For $x \in G$, define a map $\phi: A \rightarrow AxA$ by $\phi(a) = ax$. This is clearly injective, and if $xAx^{-1} \neq A$, you can show that $\phi$ is not surjective. This implies that if $A$ is not a normal subgroup of $G$, then there is at least one double coset with more elements than $A$, which gives you what you want.
Extra stuff I find interesting: I came up with this approach by thinking about a beautiful result from linear algebraic groups called the Bruhat decomposition. Let $F$ be a field, and let $G = \textrm{GL}_n(F)$, the group of $n$ by $n$ matrices with entries in $F$ whose determinant is not zero. Let $B$ be the group of upper triangular matrices with determinant not zero, and for each permutation $\sigma \in S_n$, let $w_{\sigma}$ be the permutation matrix corresponding to $\sigma$. For example, if $n = 2$, and $\sigma = (1 \, 2)$, then
$$w_{\sigma} = \begin{pmatrix} 0 & 1 \\ 1 & 0 \end{pmatrix}$$
The Bruhat decomposition theorem says that $G$ is equal to the disjoint union of $n!$ double cosets
$$\bigcup\limits_{\sigma \in S_n} Bw_{\sigma}B$$
Since you're dealing with finite groups, let's say $F$ is a finite field, say $F = \mathbb{Z}/p\mathbb{Z}$, then $G$ is a finite group, and these double cosets have different sizes. You can explicitly compute the cardinality of each double coset as follows (though it would take awhile to explain why this works):
Let $i, j$ be unequal integers between $1$ and $n$. Call a pair $(i,j)$ positive if $i < j$, and negative if $i > j$. For $\sigma \in S_n$, define the length $\ell(\sigma)$ to be the number of negative elements in the set
$$\{(\sigma(1), \sigma(2)), (\sigma(2), \sigma(3)), ... , (\sigma(n-1),\sigma(n)) \}$$
Then the number of elements in the double coset $Bw_{\sigma}B$ will be $$|Bw_{\sigma}B| = (p-1)^n p^{\frac{(n-1)n}{2} + \ell(\sigma)}$$
There is only one element of length $0$, which is the identity permutation, corresponding to the double coset $B$, and there is only one element $\tau$ of length $n$, which is the permutation $(1 \, n)(2 \, (n-1)) \cdots$, i.e.

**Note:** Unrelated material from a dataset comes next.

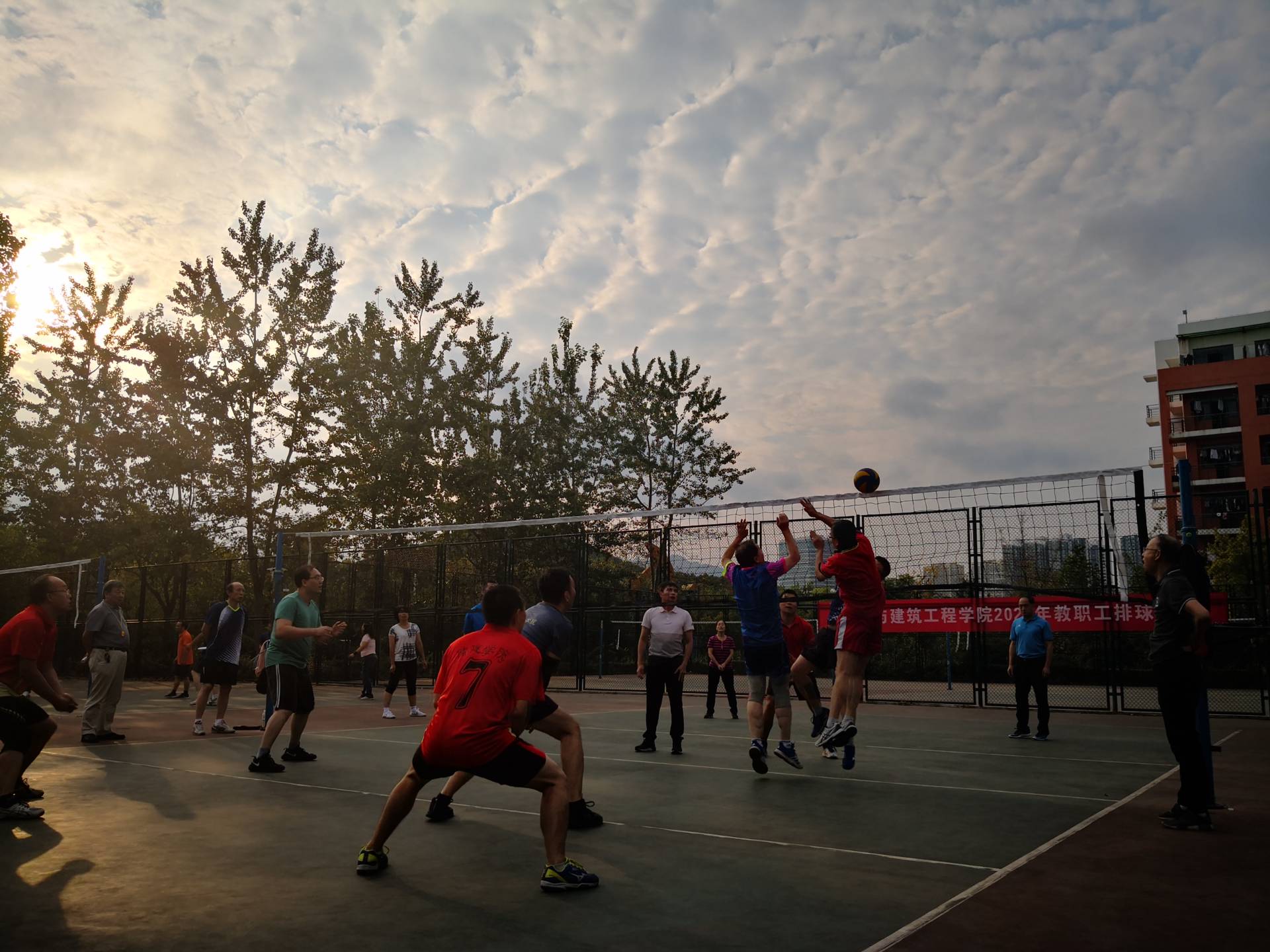 排球比赛是公司教职工体育健身活动的传统项目之一,深受教职工们的关注和喜爱。本次比赛自9月23日开始,共有五支代表队近50余人参加比赛,全院在校职工观看了比赛。比赛开始前,各工会小组认真筹备,精心组织,广泛动员,纷纷派出最佳阵容参赛。赛场上,队员们奋力拼搏,团结协作,相互鼓励,默契配合,奉献了一场场精彩比赛。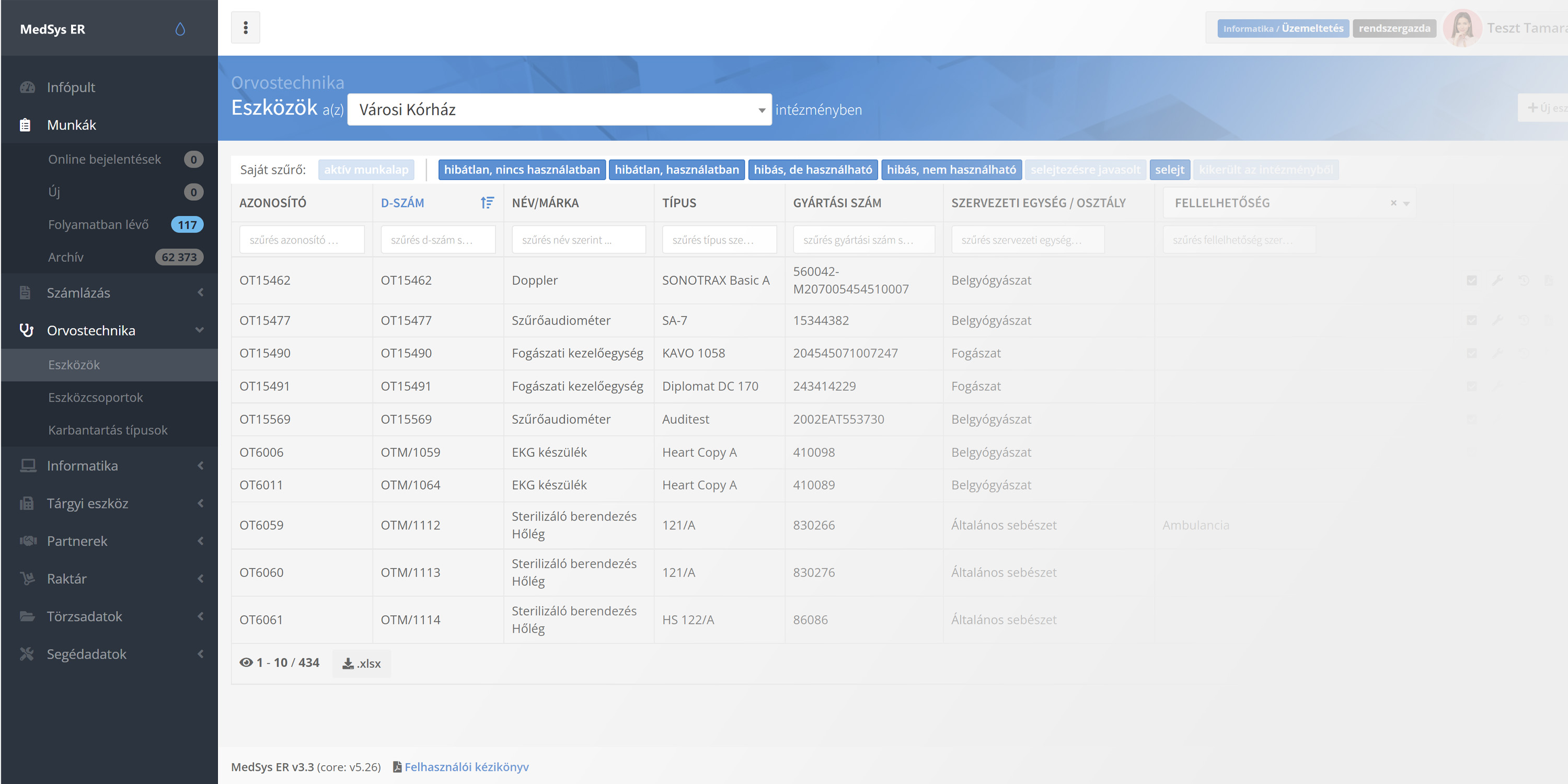 Orvostechnikai, informatikai és egyéb tárgyi eszközök nyilvántartása.

$$w_{\tau} = \begin{pmatrix} & & 1 \\ & \dots & \\ 1 & & \end{pmatrix}$$
so the smallest double coset is $B$, the largest double coset is $Bw_{\tau}B$, and all the other double cosets have sizes in between.
Even without knowing the formula for computing the number of elements in a double coset $Bw_{\sigma}B$, you can still tell that the double cosets $Bw_{\sigma}B$ for $\sigma \neq 1$ have more elements than $B$ as follows: it is a general fact that $B$ coincides with its normalizer, that is, if $g \in G$, but not in $B$, then $gBg^{-1} \neq B$. None of the permutation matrices $w_{\sigma}$ are in $B$ except $w_1 = I_n$. So the argument I gave above tells you that $B$ will have fewer elements than $Bw_{\sigma}B$ when $\sigma \neq 1$.